Brexiteers are overwhelmingly older while Remainers are overwhelmingly younger with the 50/50 or half (1/2) / half (1/2) split being at age 45 at the time of the Brexit referendum in 2016 so 47/48 now.
Many Brexiteers are familiar with fractional Imperial currency in UK and this is no doubt a part of the Great British Empire that they want to return to since everything British is so far superior to anything “bloody foreigners” do. Here is my rough guide to imperial currency in case we do Brexit.
Decimalisation – the conversion from imperial to decimal currency that we are now familiar with – occured in 1971 while the partial transition to decimal weights and distances occured in UK in 1995. I was 5 in 1971 (1971 – 5 = 1964, a leap year). I was born at home which was probably the norm back then with a midwife only attending for half an hour or so if at all or if there were complications. The vast majority of houses would have one cold water tap in the kitchen, coal fires, a tin bath that would be filled with hot water heated on a gas stove and used by the whole family once a week and an outside toilet at the bottom of the garden. Racism and discrimination was part of everyday life – common, accepted and expected. Foreign holidays started in the 70s but there was very little tolerance of that “foreign muck” – garlic, pizza, spaghetti and probably even lager.
Great British Empire currency and weights and measures was based on fractions. I can remember the coinage and notes and I was taught fractions and decimals at the many primary schools I attended.
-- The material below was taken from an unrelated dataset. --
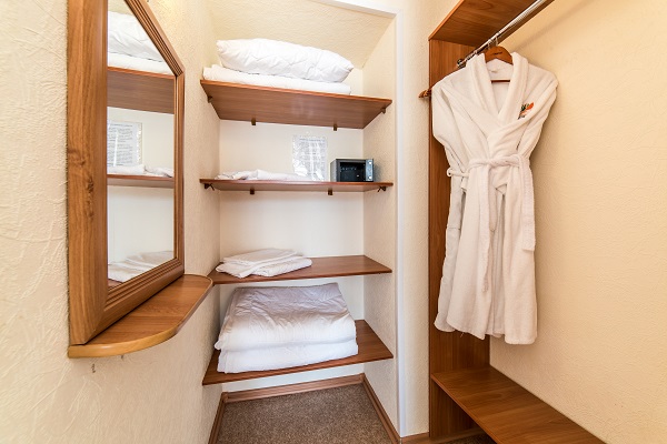 В номере: две или три односпальные кровати, прикроватные тумбы, шкаф, журнальный столик, телевизор, холодильник, чайный набор посуды, электрочайник

There were 12 pennies (d) to a shilling (s), 20 shillings to a pound (£). There was also a half-penny, a ‘hapenny’. The notation was £/s/d so that prices might appear as £/2/11 or 2s/11. There was also a guinea which was 21 shillings – don’t know if there was a guinea note – that I think was only used for buying and selling horses. You would have ‘thrupence’ and 2 and half d coins. [Correction. There wasn’t a 2 and 1/2d coin 6d had the value of 2 and 1/2 new pence in the conversion to decimalisation. 2.5 new pence really but decimals weren’t really understood then.] Shillings were known as bobs so two shillings would be ‘two bob’. There was currency to the value of £2, probably a £2 note. Notes were huge back then and paper.